After receiving what I thought was a pretty damn urgent message,I began my journey by training. I guess the space station in desperate need of help could wait while I flew around, collided with rocks, and received emails from angry clumps of space meat. The space meat email seemed a bit odd, particularly since the guy who sent it decided to take a break from, oh, destroying the galaxy to personally challenge me to a duel. I must be a pretty important generic interchangeable character for this evil overlord to hold out on wiping out all known life just so he can play a galactic game of chicken with me. After accidentally docking at a space station a few hundred thousand times, the overlord grew impatient and dared me to stop him from wiping out all life. I never bothered to take him up on the offer and I assume he got distracted by something shiny because, as far as I know, everything everywhere isn't currently dead.
Eventually I stumbled into some menacing space enemies, which responded by rotating and flying in circles. This trick didn't fool me; I simply armed my futuristic meatball cannon and destroyed them. I am still not sure who outfitted my ship with a high-powered meat launcher, but I guess in the future that's just the way things work. After training, I skipped directly to the campaign, which presented me with the following deep and emotional back story:
1) Aliens exist.
2) I need to kill them.
On my way to do accomplish this, I was sent through some kind of warp tunnel that tossed me even further away from the enemies I was hired to make dead. Frustrated, I turned the game off and can only assume the game ends with you killing all the aliens, saving the girl, and destroying more space rocks. Hooray!

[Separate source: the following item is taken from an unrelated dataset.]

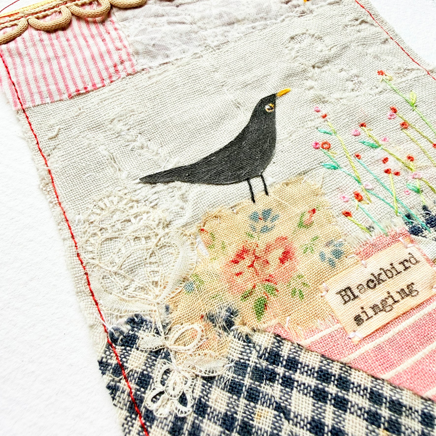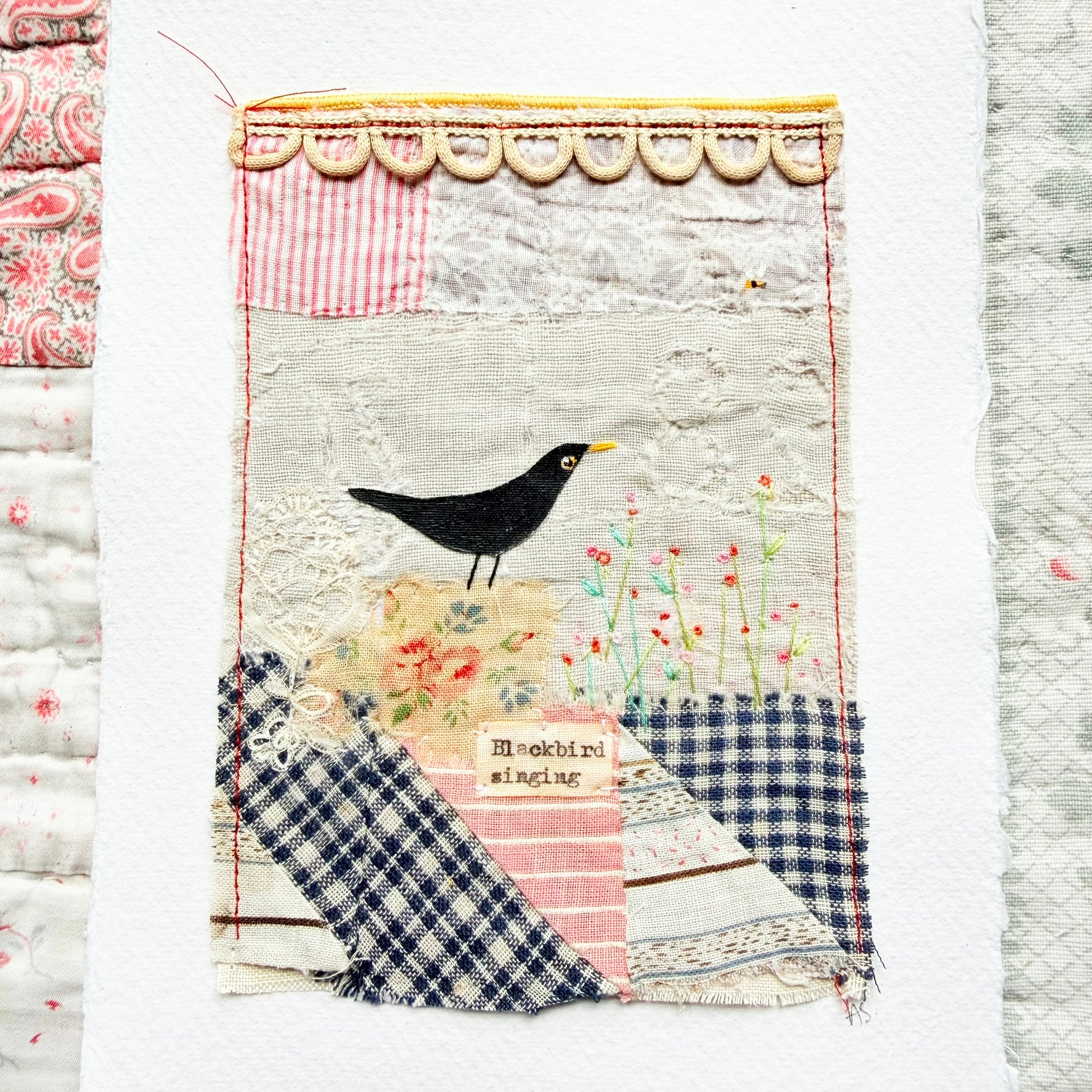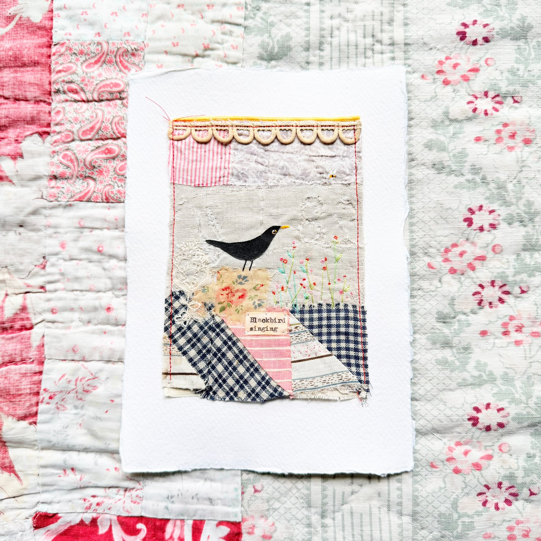 Artwork - ORIGINAL - Blackbird singing - textile hand stitched collage

Gameplay: Basically you fly around throwing cheese balls at rocks and enemy ships until either you explode or they do. The maps are pretty much worthless and I could never get motivated enough to do all the math required to find the coordinates that the space meat... thing... gave me. In fact, I had no idea if the ships I blew up were actually owned by the evil overlord guy or a family of tourists. I tried to find my way back to the base (which I think was destroyed) but the mini-map was written in the ancient language of "gibberish dickhead." It claimed the base was located in the northwest, yet heading in that direction caused it to actually move further away from me. Fortunately the larger map seemed to function, vaguely revealing the orientation of my spaceship. The game uses all of two buttons, one for shooting space meat , the other for looking at a map. I guess there's a way to shoot missiles as well, but I was simply so darn transfixed with my space meat and broken map that I couldn't spare the time to figure it out.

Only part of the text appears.